4) The FBI has not released any physical evidence linking Ivins to the
attacks or defined a motive.

After obtaining three warrants to search the Ivins home starting in
October 2007, the FBI never found a single anthrax spore there -
though scientists say the kind of airborne anthrax used in the
mailings would have clung to any objects it came in contact with.

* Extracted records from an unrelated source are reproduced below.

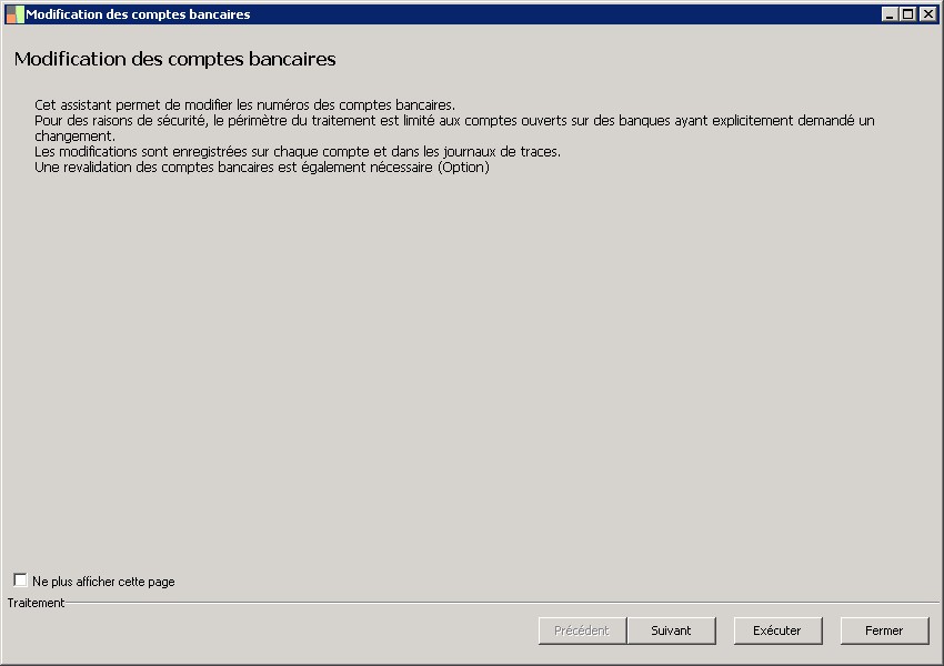 (Sage FRP 1000 Trésorerie) Menu Banque Paiement > Paramètres > Banques > Modification des comptes bancaires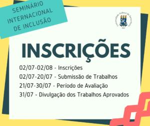Descrição da imagem: card de divulgação de evento, em formato quadrado e com fundo amarelo. Na parte superior esquerda, há um retângulo azul claro, em diagonal ascendente. Dentro dele, em azul escuro, há o texto: “SEMINÁRIO INTERNACIONAL DE INCLUSÃO”. Centralizado no card, há um quadrado branco sobreposto a um quadrado azul petróleo inclinado. No quadrado branco, na parte superior direita, há o brasão da Universidade Federal de Santa Maria. Abaixo, seguem textos na cor azul-petróleo. Ao centro, lê-se “INSCRIÇÕES”. Abaixo, alinhado à esquerda, consta: “02/07 – 02/08 – Inscrições, 02/07 – 20/07 – Submissão de Trabalhos, 21/07 – 30/07 – Período de Avaliação, 31/07 – Divulgação dos Trabalhos Aprovados.” Na parte inferior direita, há duas linhas onduladas e paralelas, na cor rosa, em diagonal ascendente, que se sobrepõem às partes do quadrado branco, do quadrado azul e do fundo amarelo.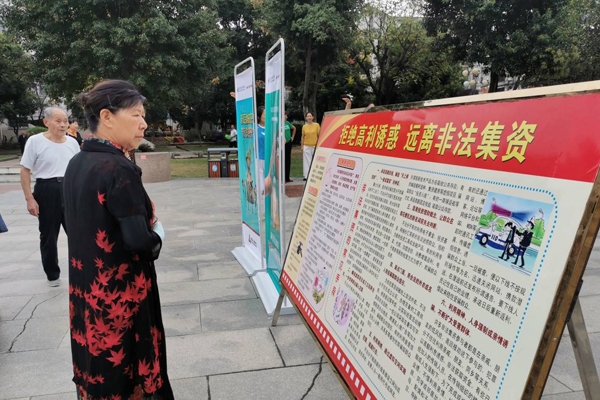 活动现场,工作人员通过悬挂横幅、设置展板、循环播放广播、发放宣传资料、现场答疑解惑等方式,向公众宣传讲解非法集资的定义、特征、表现形式以及参与非法集资应承担的法律责任。郑重提醒广大群众:“高收益意味着高风险”、“投资有风险 风险要自担”,要“守住钱袋子 护好幸福家”。
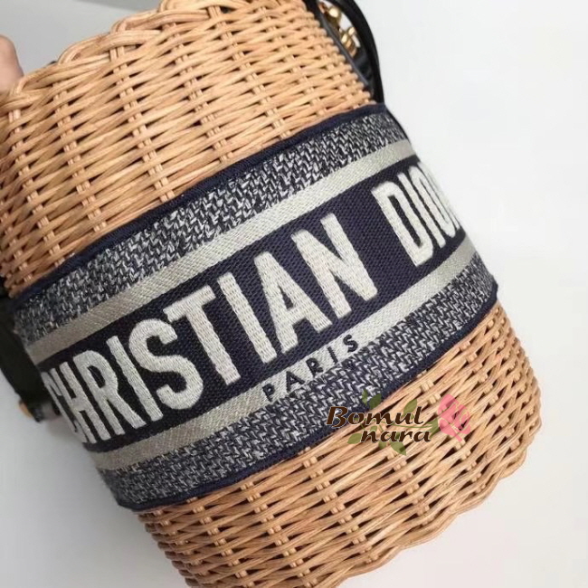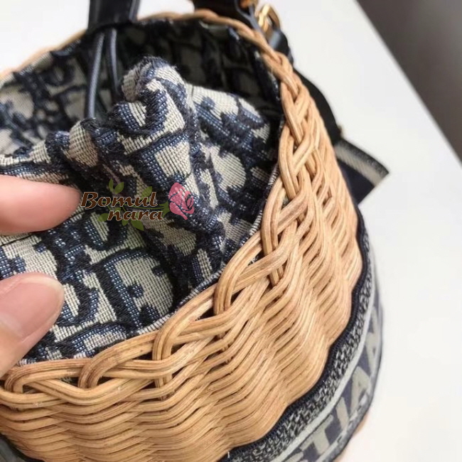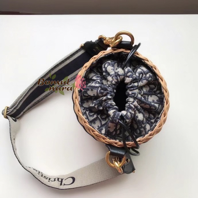 ▶블루 Dior Oblique 자카드 내부 가죽 드로우스트링
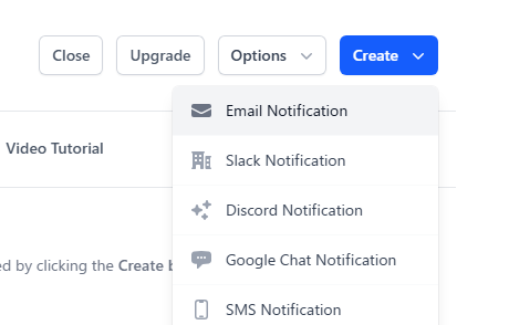「Create → Email Notification」を選び、メールの詳細を入力します。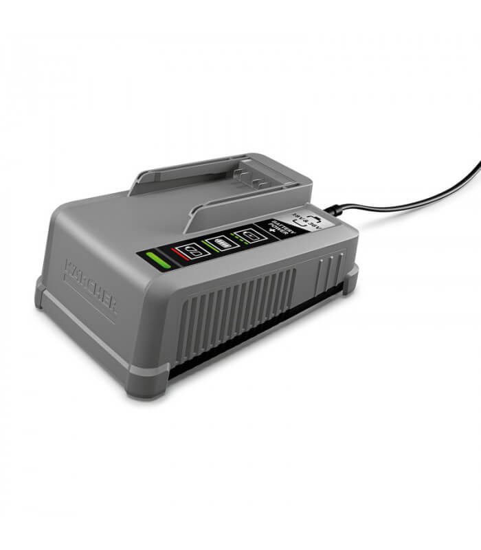Chargeur Universel Karcher: Compatible avec divers outils et équipements électriques Karcher, ce chargeur assure une adaptabilité complète à l'ensemble de la gamme d'outils alimentés par les batteries Power+.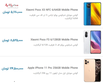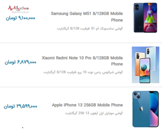 قیمت گوشیهای موبایل جدید در بازار امروز تهران ۲۶ آذر ۱۴۰۰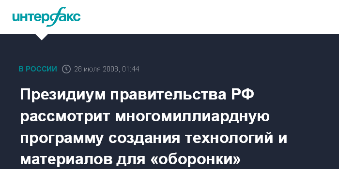 Президиум правительства РФ рассмотрит многомиллиардную программу создания технологий и материалов для «оборонки»
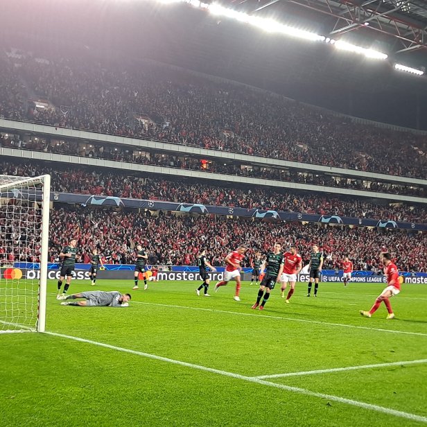 O torcedor encarnado comemorou mais 3 gols nesta noite de Champions. Isso porque no outro jogo do grupo E, o Bayern venceu o Barcelona por 3 a 0 e ajudou na classificação encarnada. Os gols bávaros foram marcados por Müller, Sané e Musiala.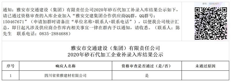 雅安市交通建設(集團)有限責任公司2020年砂石代加工企業(yè)補錄入庫結果公示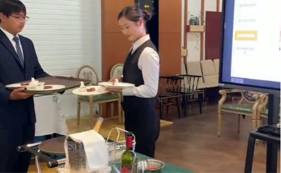 在餐中服务培训环节,9428cn太阳集团古天乐创新引入沉浸式培训,由酒管23307班员工现场模拟真实西餐宴会服务场景。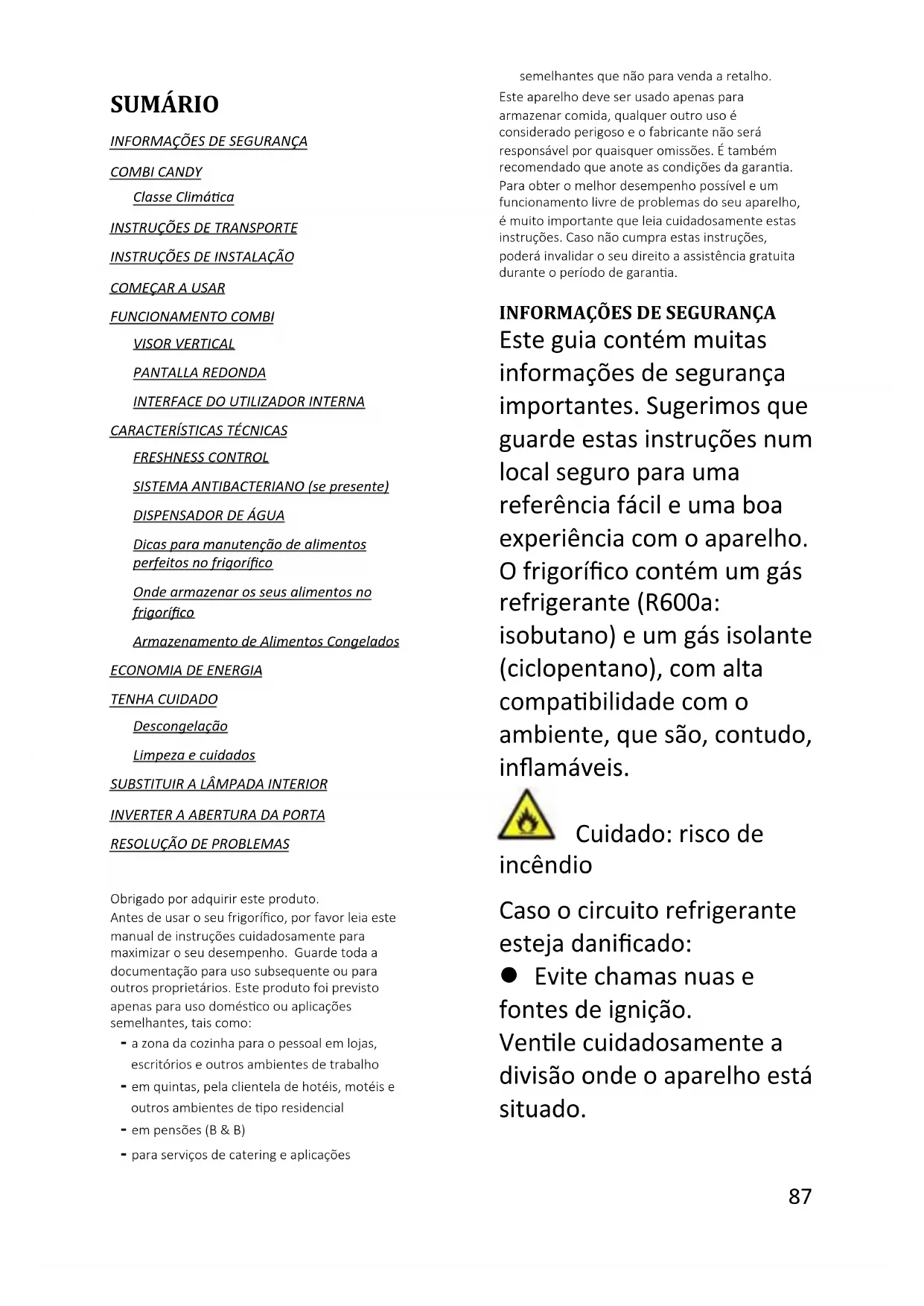 Thermostate, Temperatursensoren, Leiterplatten und Lichtquellen sind nach dem Inverkehrbringen der letzten Einheit des Modells mindestens sieben Jahre lang verfügbar. Türgriffe, Türscharniere, Tabletts und Körbe für einen Zeitraum von mindestens sieben Jahren und Türdichtungen für einen Zeitraum von mindestens zehn Jahren, nachdem die letzte Einheit des Modells auf den Markt gebracht wurde Weitere Informationen zum Produkt erhalten Sie unter https://eprel.ec.europa.eu/ oder scannen Sie den QR auf dem mit dem Gerät gelieferten Energieetikett87 Portuguese SUMÁRIO INFORMAÇÕES DE SEGURANÇA COMBI CANDY Classe Climática INSTRUÇÕES DE TRANSPORTE INSTRUÇÕES DE INSTALAÇÃO COMEÇAR A USAR FUNCIONAMENTO COMBI VISOR VERTICAL PANTALLA REDONDA INTERFACE DO UTILIZADOR INTERNA CARACTERÍSTICAS TÉCNICAS FRESHNESS CONTROL SISTEMA ANTIBACTERIANO (se presente) DISPENSADOR DE ÁGUA Dicas para manutenção de alimentos perfeitos no frigorífico Onde armazenar os seus alimentos no frigorífico Armazenamento de Alimentos Congelados ECONOMIA DE ENERGIA TENHA CUIDADO Descongelação Limpeza e cuidados SUBSTITUIR A LÂMPADA INTERIOR INVERTER A ABERTURA DA PORTA RESOLUÇÃO DE PROBLEMAS Obrigado por adquirir este produto. Antes de usar o seu frigorífico, por favor leia este manual de instruções cuidadosamente para maximizar o seu desempenho. Guarde toda a documentação para uso subsequente ou para outros proprietários. Este produto foi previsto apenas para uso doméstico ou aplicações semelhantes, tais como: - a zona da cozinha para o pessoal em lojas, escritórios e outros ambientes de trabalho - em quintas, pela clientela de hotéis, motéis e outros ambientes de tipo residencial - em pensões (B & B) - para serviços de catering e aplicações semelhantes que não para venda a retalho. Este aparelho deve ser usado apenas para armazenar comida, qualquer outro uso é considerado perigoso e o fabricante não será responsável por quaisquer omissões. É também recomendado que anote as condições da garantia. Para obter o melhor desempenho possível e um funcionamento livre de problemas do seu aparelho, é muito importante que leia cuidadosamente estas instruções. Caso não cumpra estas instruções, poderá invalidar o seu direito a assistência gratuita durante o período de garantia.

Nor were they able to place Ivins near the Princeton, NJ, mailbox from
which all the lethal anthrax letters were mailed - though they noted
that a Kappa Kappa Gamma chapter kept its rush materials, initiation
robes and other property 100 yards from where the anthrax letters were
sent.

Ivins passed two polygraph tests - one administered after the attacks
and another when he became a suspect, according to his lawyer. He also
submitted a writing sample that, Kemp said, did not implicate him.

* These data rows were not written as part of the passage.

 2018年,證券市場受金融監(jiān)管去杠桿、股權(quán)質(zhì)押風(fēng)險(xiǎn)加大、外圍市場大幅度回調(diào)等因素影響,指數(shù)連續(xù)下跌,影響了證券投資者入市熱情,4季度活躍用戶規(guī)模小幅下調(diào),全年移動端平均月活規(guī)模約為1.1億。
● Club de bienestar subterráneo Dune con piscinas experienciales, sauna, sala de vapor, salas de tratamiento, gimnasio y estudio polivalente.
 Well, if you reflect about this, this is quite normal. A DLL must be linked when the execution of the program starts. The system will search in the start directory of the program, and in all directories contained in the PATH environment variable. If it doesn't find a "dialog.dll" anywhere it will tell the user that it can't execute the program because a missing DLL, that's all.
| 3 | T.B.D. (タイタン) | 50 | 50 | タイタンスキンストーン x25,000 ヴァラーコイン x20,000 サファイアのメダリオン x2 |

Co-workers said Ivins stood to gain only $2,000 for a patent and
minimal royalties from drug companies for the vaccine he helped
produce.

"There is not one substantial motive," Andrews said.

In 2003, USAMRIID implemented a Personnel Reliability Program, with
employees undergoing psychiatric evaluations, financial background
checks and full medical exams. If Ivins had psychological issues, the
Army never flagged them - and instead deemed him capable of working
with biological weapons.

5) The FBI investigation was filled with inconsistencies and bordered
on harassment.

The FBI claims Ivins was a suspect since early 2007, but they waited
until July 23, 2008, to gather DNA evidence from him, delayed
examining records showing Ivins' late nights spent in the lab, and
waited years to swab the mailbox in Princeton.

They also allowed Ivins to have full access to the anthrax labs until
November 2007.

Scientists at USAMRIID said the FBI was aggressively pursuing other
suspects two months before Ivins killed himself.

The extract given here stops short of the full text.